09/01/2012 04:38 EDT | Updated 11/01/2012 05:12 EDT

Porter wins Paralympic judo silver, redemption for 5th place Beijing finish

LONDON - American Myles Porter won silver in the men's 100-kilogram Paralympic judo on Saturday in a victory he described as redemption after coming fifth at the Beijing Games.

Porter, 26, was aiming for gold but said any medal was an improvement after Beijing. "It's not the colour I wanted but silver is nothing to hang your head down about," he said. Choi Gwang-geun of South Korea won gold.

Brazilian Antonio Tenorio was the heavy favourite to win the division, with four Paralympic golds. Until getting knocked out in a cagey, second-round fight on Saturday, the 41-year-old had never lost at the Paralympics since first competing at the Atlanta games, racking up four gold medals. On Saturday, he settled for bronze.

Porter lost to Tenorio in Beijing and said he and his coach have spent the last four years training for London. "We've spent the last six months just focusing on the mental preparation," Porter said.

Not that Porter wasn't physically prepared. In his quarter-final, he flipped his Japanese opponent onto his back for a match-ending ippon in just five seconds. Though he is legally blind, Porter also competes in normal judo competitions and has previously won silver in the United States national championship.

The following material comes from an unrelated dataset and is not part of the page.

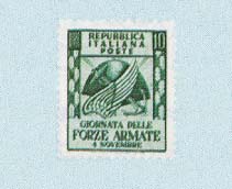 Giornata delle Forze Armate. Stampa in rotocalco in fogli di 100 (x 4)) il 10 l., in fogli di 60 (x 4) il 25 e il 60 l. Filigr.

Paralympic judo is fought only by visually impaired or blind athletes. Unlike Olympic judo, fighters start the bout with a grip on each other's uniforms, changing the pace and dynamic of the martial art. In addition to Tenorio, three other Paralympic judoka lost their titles in the past few days.

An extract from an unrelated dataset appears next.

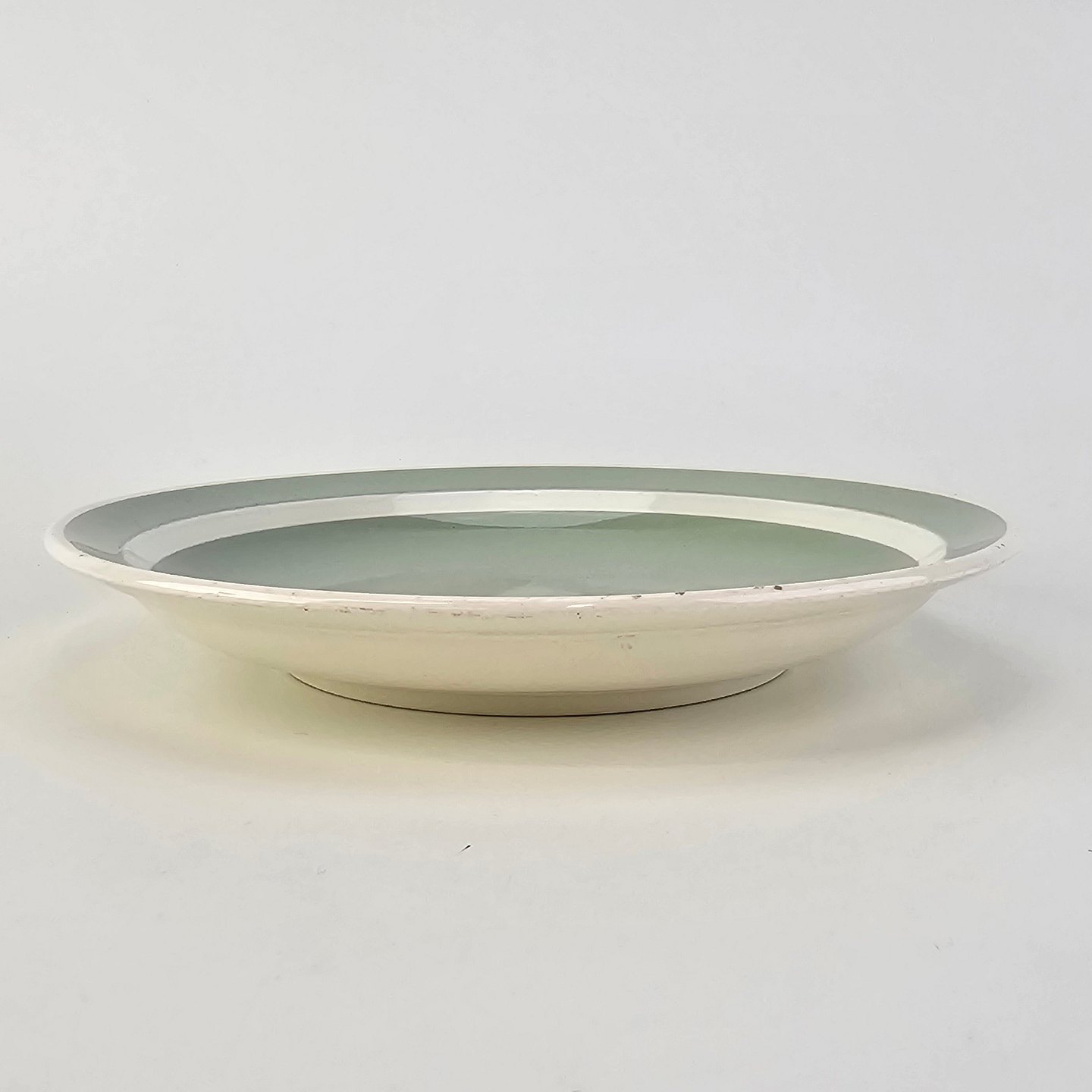 Fajancestel i pastelgrøn farve med hvid stribe

"In Olympic judo, it's very rare to have two hands on your opponent," said U.S. Olympic coach Jimmy Pedro. "But in Paralympic judo, that's where they start."

That means Paralympic competitors are often in a better position to throw — drawing the sport closer to its Japanese roots as a weapon-less martial art developed by samurai. In contrast, Olympic judo is often split between fighters aiming to throw and those who focus on groundwork with choking or grappling techniques. The result is often an intense battle for a superior grip, with intense grabs and blocks that sometimes resemble boxing.

"Paralympic judo is very physical because you can always feel your competitor's strength," Pedro said. He added that starting with a grip on your competitor's uniform isn't always an advantage.

"It's possible you could get lucky and throw," he said. "But your opponent has a grip on you too."

In 2010, Porter tried to join the army after his brother enlisted, but was rejected because of his blindness. Instead, Porter focused on the London Paralympics. He now spends much of his time talking to wounded U.S. veterans, encouraging them to not be limited by their physical disabilities. Porter also gives regular judo demonstrations, including a 2009 session for President Barack Obama and first lady Michelle at the White House.

Porter described Obama's enthusiasm for judo as "awesome" and said the president had taken off his blazer in preparation for getting onto the judo mat. "Then there were about 200 cameras turned on him," Porter said, explaining Obama had a late change of heart.

Porter's teammate, Dartanyon Crockett, took bronze in the men's 90-kilogram division, winning his last fight in less than one minute with an ippon throw.

Elsewhere in the Paralympics, British swimmer Ellie Simmonds defended her title and set a new world record in the women's 400 freestyle S6 division. American Victoria Arlen led for much of the race, until Simmonds surged in the last 50 metres, leaving Arlen with silver.

Arlen had originally been reclassified into a different category but after she appealed the decision, officials ruled this week Arlen could compete in the division until her review by the Paralympic classification panel next August. Arlen, 17, is a former champion swimmer paralyzed in 2006 by a virus affecting her spinal cord. She was in a vegetative state for two years before recovering. Earlier this year, Arlen broke two of Simmonds' world records and is now top-ranked.

In athletics, South African sprinter Oscar Pistorius will defend his Beijing title in the T44 200m final on Sunday after qualifying on Saturday in the third heat. Running on carbon-fibre blades, Pistorius became the first double amputee to compete at the Olympics last month. He won three golds at the Beijing Paralympics.